■ **DATASET SECTION**
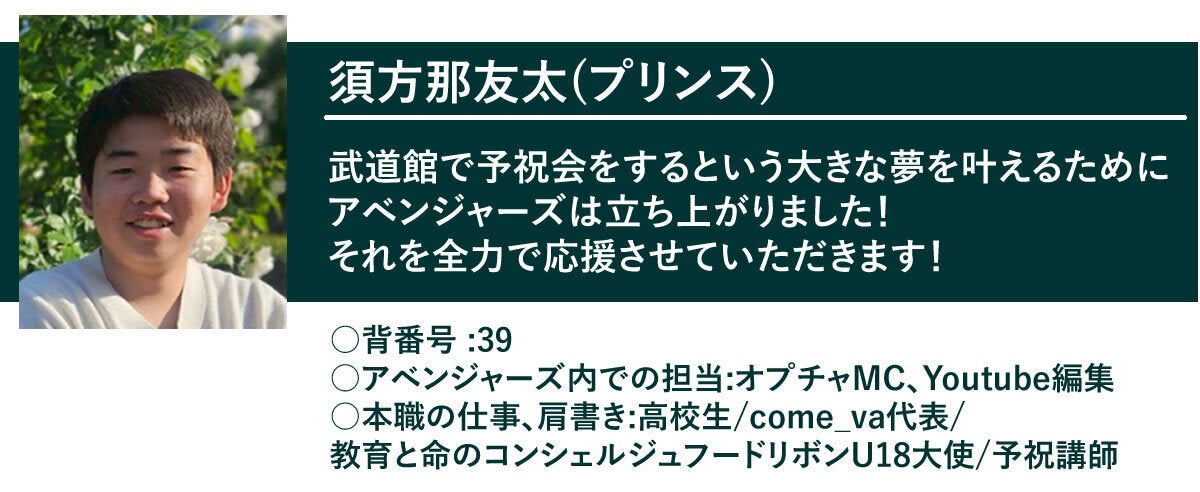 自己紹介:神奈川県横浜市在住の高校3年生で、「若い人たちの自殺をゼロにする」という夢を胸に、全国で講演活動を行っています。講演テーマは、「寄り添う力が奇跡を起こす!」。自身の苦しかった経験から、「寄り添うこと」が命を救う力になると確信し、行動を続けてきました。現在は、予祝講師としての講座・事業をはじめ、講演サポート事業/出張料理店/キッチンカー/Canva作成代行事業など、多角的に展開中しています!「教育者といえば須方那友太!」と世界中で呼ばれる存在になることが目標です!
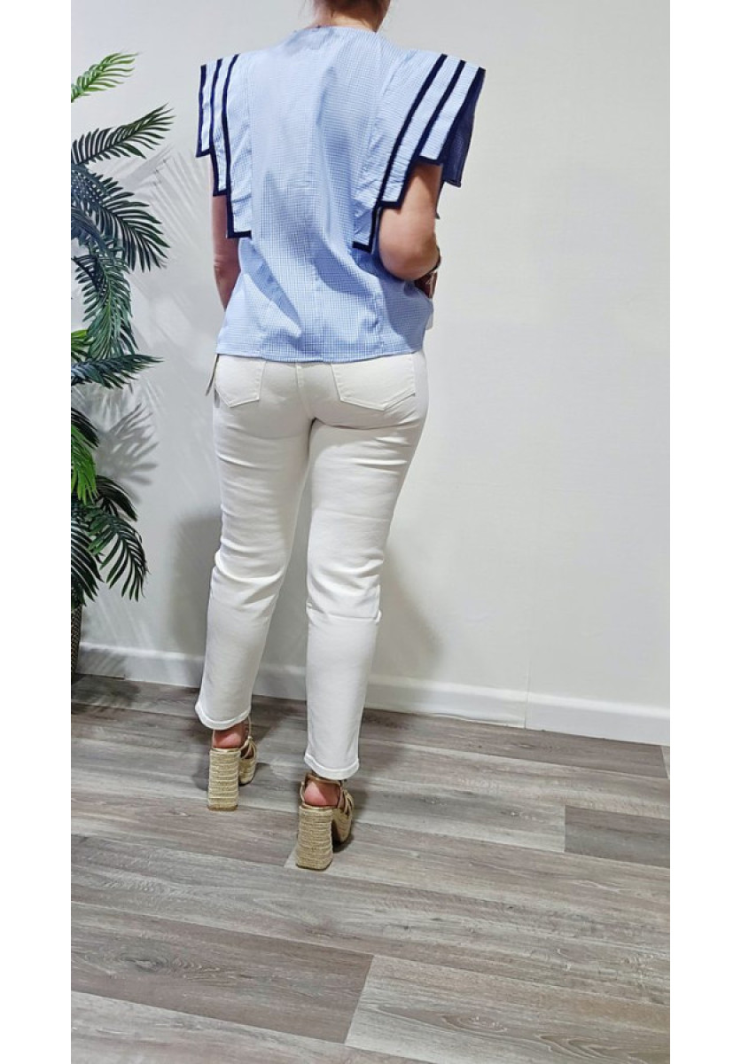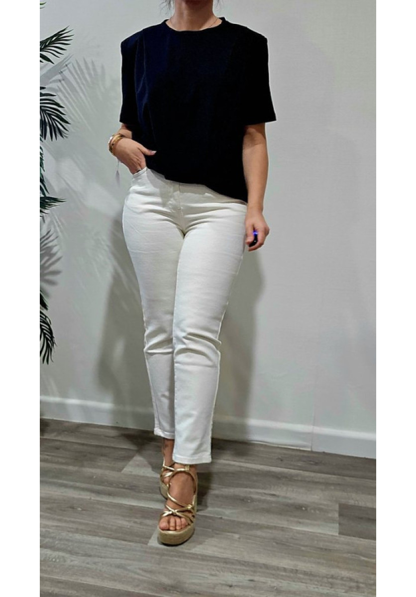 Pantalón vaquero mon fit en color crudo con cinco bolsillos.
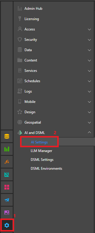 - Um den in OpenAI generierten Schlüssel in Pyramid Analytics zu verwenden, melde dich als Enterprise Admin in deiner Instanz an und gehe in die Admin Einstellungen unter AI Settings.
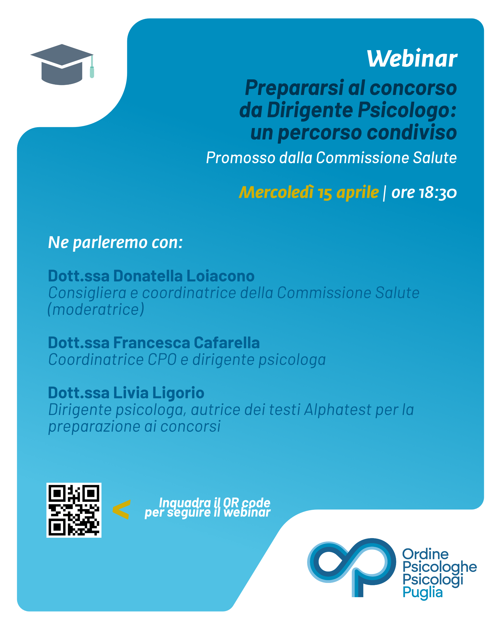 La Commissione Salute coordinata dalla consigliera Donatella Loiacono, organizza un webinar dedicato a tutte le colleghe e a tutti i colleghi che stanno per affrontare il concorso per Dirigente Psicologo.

■ **YOUR INSTRUCTIONS**
Output the listing above in full, exactly. No images.

■ **ANSWER AREA**
 自己紹介:神奈川県横浜市在住の高校3年生で、「若い人たちの自殺をゼロにする」という夢を胸に、全国で講演活動を行っています。講演テーマは、「寄り添う力が奇跡を起こす!」。自身の苦しかった経験から、「寄り添うこと」が命を救う力になると確信し、行動を続けてきました。現在は、予祝講師としての講座・事業をはじめ、講演サポート事業/出張料理店/キッチンカー/Canva作成代行事業など、多角的に展開中しています!「教育者といえば須方那友太!」と世界中で呼ばれる存在になることが目標です!
 Pantalón vaquero mon fit en color crudo con cinco bolsillos.
 - Um den in OpenAI generierten Schlüssel in Pyramid Analytics zu verwenden, melde dich als Enterprise Admin in deiner Instanz an und gehe in die Admin Einstellungen unter AI Settings.
 La Commissione Salute coordinata dalla consigliera Donatella Loiacono, organizza un webinar dedicato a tutte le colleghe e a tutti i colleghi che stanno per affrontare il concorso per Dirigente Psicologo.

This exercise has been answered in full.